◆ Task requirements ◆
Starting at the line with "评审专家查看危重孕产妇和新生儿救治中心。供图" and going on through the line with "4、放入油鍋,用中火炸至金黃", reproduce each line in the records below exactly and nothing more.

◆ Data for this task ◆
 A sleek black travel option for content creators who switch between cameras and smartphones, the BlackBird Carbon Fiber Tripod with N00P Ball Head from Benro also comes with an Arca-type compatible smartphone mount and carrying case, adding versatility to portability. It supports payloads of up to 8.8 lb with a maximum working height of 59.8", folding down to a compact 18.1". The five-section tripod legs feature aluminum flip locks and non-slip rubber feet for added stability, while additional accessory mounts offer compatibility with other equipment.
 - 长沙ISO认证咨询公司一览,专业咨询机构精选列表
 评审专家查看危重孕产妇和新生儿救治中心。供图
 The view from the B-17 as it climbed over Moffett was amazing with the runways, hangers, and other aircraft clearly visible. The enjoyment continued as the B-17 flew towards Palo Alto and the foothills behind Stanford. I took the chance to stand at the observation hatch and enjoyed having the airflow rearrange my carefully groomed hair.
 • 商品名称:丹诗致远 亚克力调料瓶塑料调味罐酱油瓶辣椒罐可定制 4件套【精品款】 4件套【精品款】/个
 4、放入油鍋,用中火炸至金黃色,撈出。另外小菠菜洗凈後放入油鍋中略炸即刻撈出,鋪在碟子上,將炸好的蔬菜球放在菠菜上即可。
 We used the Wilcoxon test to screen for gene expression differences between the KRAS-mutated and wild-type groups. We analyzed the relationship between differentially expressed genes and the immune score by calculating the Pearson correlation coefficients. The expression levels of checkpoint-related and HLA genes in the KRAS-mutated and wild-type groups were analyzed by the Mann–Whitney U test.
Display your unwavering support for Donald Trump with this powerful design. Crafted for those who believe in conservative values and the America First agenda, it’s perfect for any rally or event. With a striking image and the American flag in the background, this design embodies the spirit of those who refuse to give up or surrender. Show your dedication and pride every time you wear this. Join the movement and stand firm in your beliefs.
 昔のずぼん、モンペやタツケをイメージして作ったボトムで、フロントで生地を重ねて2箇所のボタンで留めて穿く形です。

◆ Solved exercise ◆
 评审专家查看危重孕产妇和新生儿救治中心。供图
 The view from the B-17 as it climbed over Moffett was amazing with the runways, hangers, and other aircraft clearly visible. The enjoyment continued as the B-17 flew towards Palo Alto and the foothills behind Stanford. I took the chance to stand at the observation hatch and enjoyed having the airflow rearrange my carefully groomed hair.
 • 商品名称:丹诗致远 亚克力调料瓶塑料调味罐酱油瓶辣椒罐可定制 4件套【精品款】 4件套【精品款】/个
 4、放入油鍋,用中火炸至金黃色,撈出。另外小菠菜洗凈後放入油鍋中略炸即刻撈出,鋪在碟子上,將炸好的蔬菜球放在菠菜上即可。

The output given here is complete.